[SUPPLIED ENTRIES — start]

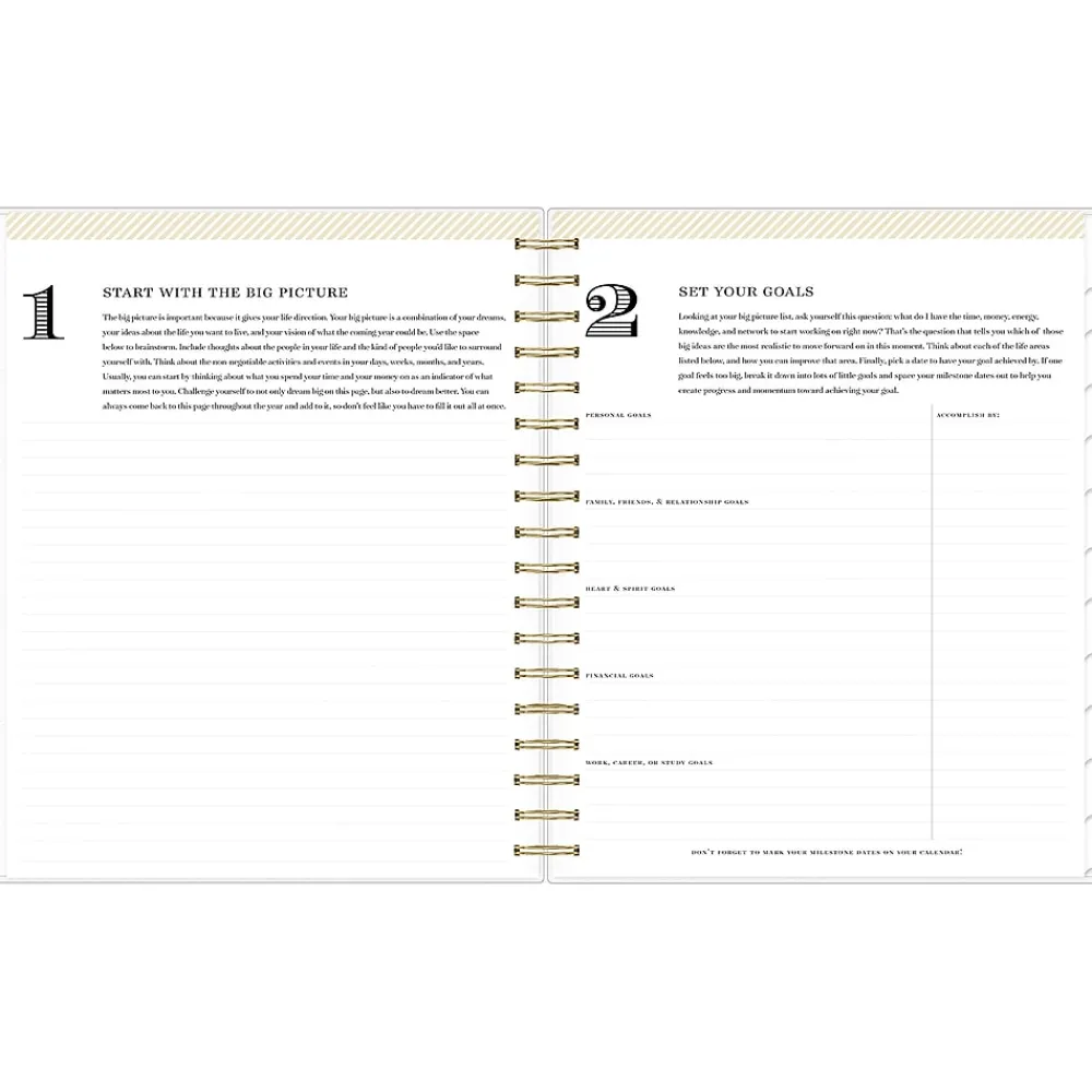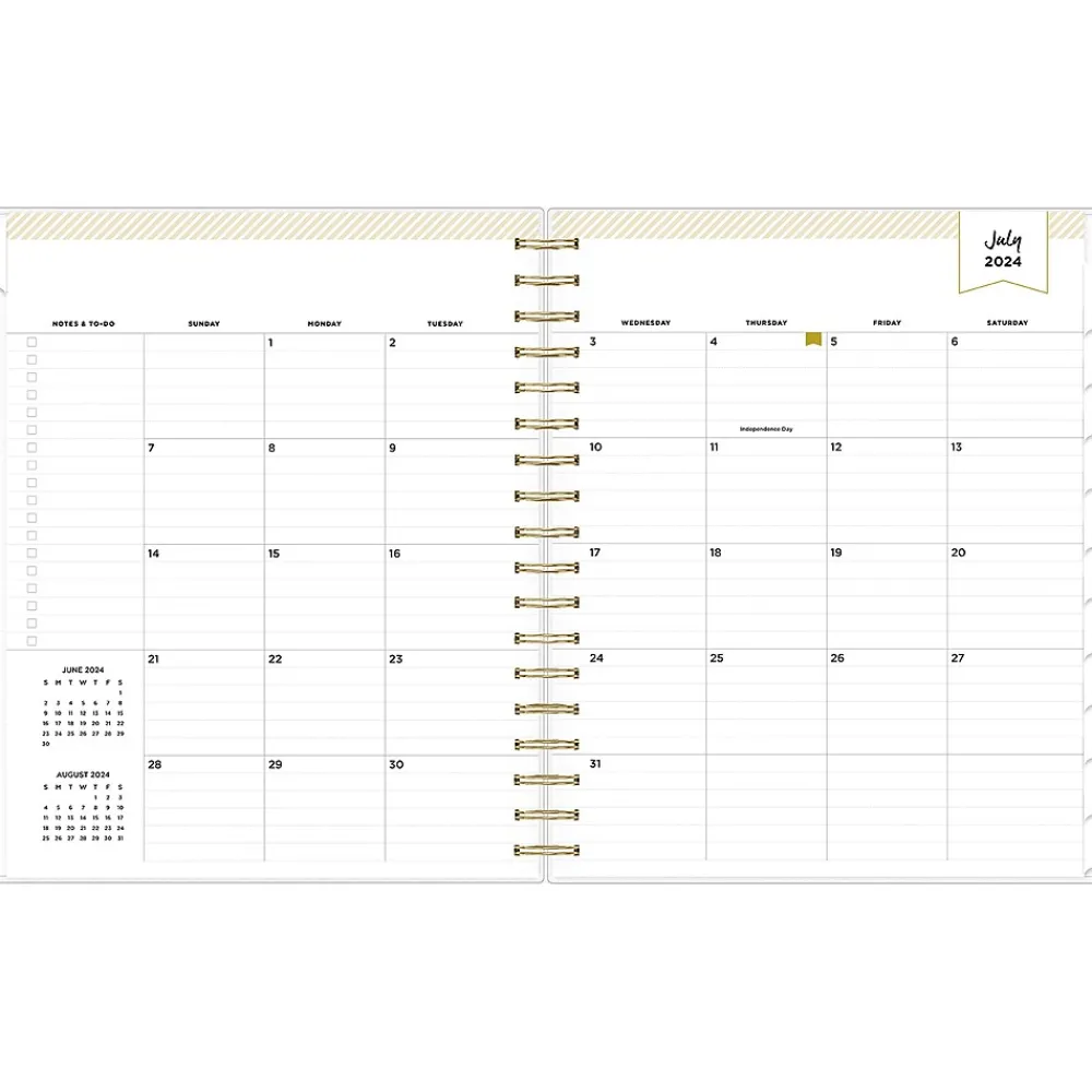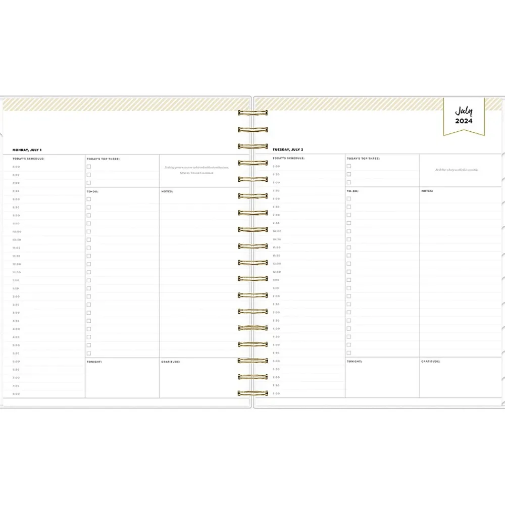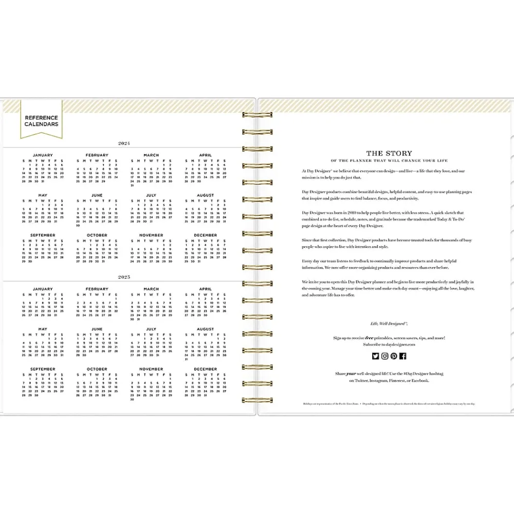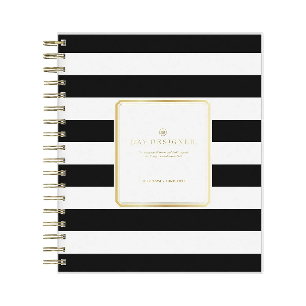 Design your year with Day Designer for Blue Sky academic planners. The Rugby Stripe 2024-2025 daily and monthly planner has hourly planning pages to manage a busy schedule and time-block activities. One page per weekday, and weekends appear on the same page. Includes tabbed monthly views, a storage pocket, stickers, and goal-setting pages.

[SUPPLIED ENTRIES — finish]
[SUPPLIED ENTRIES — start]

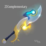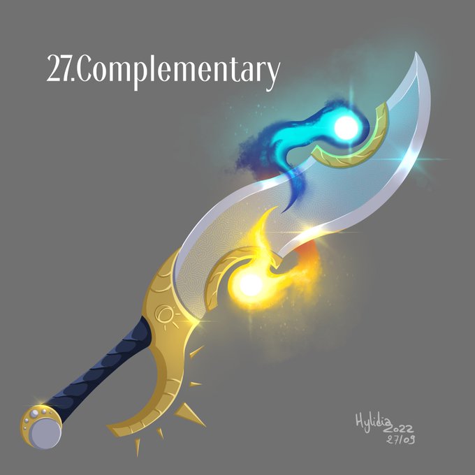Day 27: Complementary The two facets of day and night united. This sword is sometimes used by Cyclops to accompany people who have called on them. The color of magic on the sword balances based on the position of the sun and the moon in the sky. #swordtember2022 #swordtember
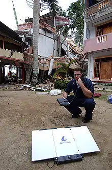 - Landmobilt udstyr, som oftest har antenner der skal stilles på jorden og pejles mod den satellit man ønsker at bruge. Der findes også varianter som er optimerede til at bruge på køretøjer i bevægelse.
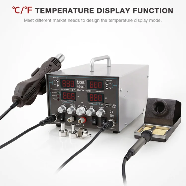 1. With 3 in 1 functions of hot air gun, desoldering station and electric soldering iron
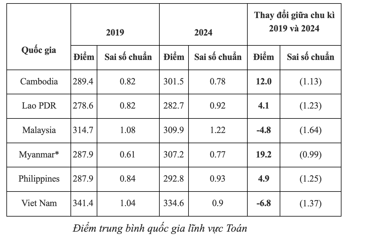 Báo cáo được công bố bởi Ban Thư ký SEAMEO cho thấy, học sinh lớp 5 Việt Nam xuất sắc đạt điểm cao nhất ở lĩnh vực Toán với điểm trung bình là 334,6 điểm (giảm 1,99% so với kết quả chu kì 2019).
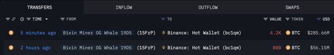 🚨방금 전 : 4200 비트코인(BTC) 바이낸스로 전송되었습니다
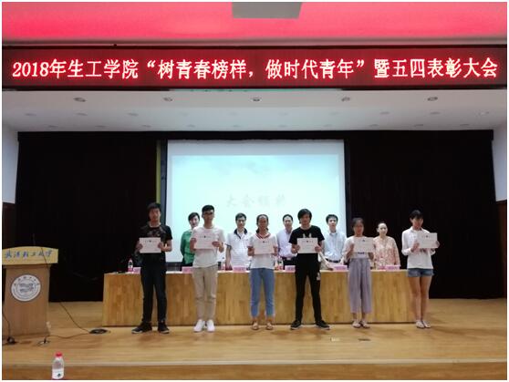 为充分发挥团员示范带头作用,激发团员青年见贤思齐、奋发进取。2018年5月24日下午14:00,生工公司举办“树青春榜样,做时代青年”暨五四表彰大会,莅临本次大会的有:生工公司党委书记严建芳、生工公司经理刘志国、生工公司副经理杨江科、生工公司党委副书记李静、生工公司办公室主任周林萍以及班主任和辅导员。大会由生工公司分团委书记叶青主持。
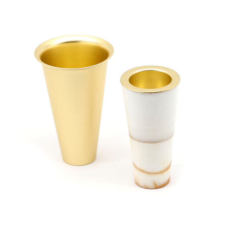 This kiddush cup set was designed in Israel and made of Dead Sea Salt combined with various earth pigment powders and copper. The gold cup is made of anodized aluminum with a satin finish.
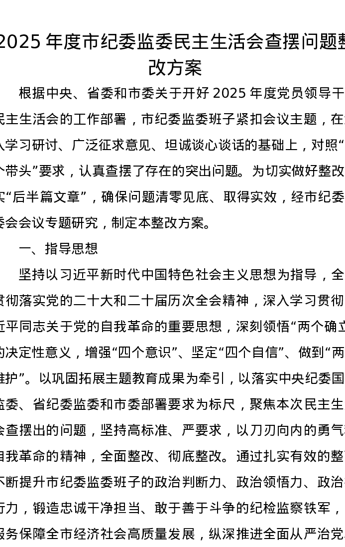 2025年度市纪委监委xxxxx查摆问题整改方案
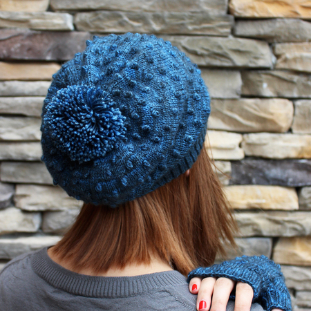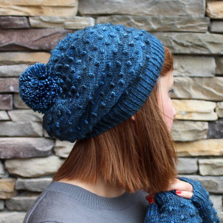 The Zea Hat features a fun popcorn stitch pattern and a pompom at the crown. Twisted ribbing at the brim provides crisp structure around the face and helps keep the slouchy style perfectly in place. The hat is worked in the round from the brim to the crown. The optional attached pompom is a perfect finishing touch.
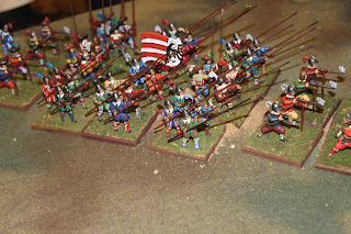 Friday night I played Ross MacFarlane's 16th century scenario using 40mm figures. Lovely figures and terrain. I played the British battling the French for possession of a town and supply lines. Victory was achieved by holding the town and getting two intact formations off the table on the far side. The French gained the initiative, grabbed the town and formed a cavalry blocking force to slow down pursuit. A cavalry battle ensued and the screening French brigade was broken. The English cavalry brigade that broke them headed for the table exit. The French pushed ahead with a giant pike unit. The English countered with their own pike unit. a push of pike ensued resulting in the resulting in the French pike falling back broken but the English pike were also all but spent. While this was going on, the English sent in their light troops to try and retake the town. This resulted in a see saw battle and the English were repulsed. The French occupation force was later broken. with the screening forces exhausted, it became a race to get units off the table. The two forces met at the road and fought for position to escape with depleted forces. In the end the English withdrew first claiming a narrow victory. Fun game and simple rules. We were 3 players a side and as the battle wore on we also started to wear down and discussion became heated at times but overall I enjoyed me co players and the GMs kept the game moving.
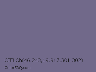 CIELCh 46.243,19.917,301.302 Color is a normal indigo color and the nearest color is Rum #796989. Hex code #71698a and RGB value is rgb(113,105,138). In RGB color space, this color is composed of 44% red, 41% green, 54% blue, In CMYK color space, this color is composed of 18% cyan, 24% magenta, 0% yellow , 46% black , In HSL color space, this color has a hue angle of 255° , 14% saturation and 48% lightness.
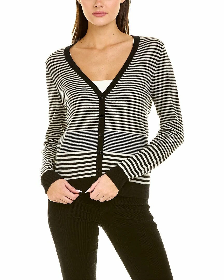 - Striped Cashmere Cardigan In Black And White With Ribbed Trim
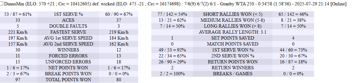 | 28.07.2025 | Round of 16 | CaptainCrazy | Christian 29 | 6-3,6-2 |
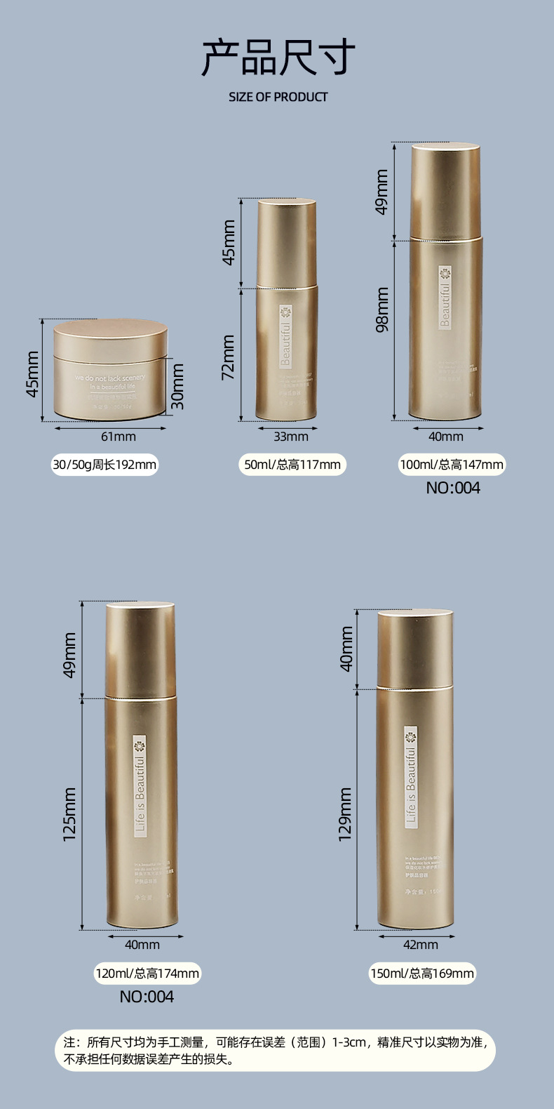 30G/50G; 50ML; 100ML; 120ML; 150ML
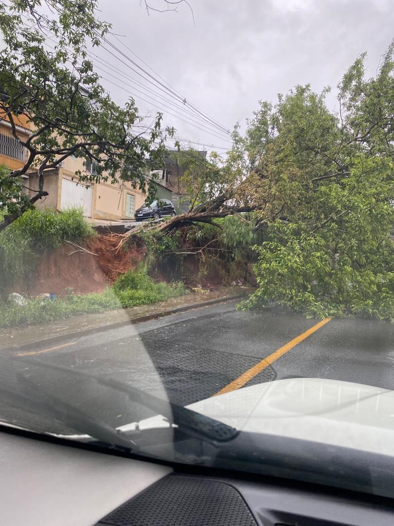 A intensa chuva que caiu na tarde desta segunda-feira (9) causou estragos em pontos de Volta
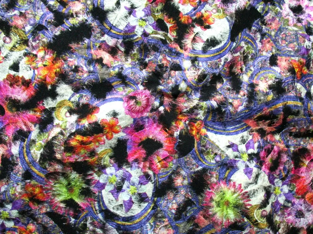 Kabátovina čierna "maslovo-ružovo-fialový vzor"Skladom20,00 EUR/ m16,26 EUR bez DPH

[SUPPLIED ENTRIES — finish]

» **PROBLEM DETAILS**:
Set down word for word the lines above from the one with "- Striped Cashmere" up to and including the one with "EUR bez DPH". Omit every picture.

» **RESULT BELOW**:
 - Striped Cashmere Cardigan In Black And White With Ribbed Trim
 | 28.07.2025 | Round of 16 | CaptainCrazy | Christian 29 | 6-3,6-2 |
 30G/50G; 50ML; 100ML; 120ML; 150ML
 A intensa chuva que caiu na tarde desta segunda-feira (9) causou estragos em pontos de Volta
 Kabátovina čierna "maslovo-ružovo-fialový vzor"Skladom20,00 EUR/ m16,26 EUR bez DPH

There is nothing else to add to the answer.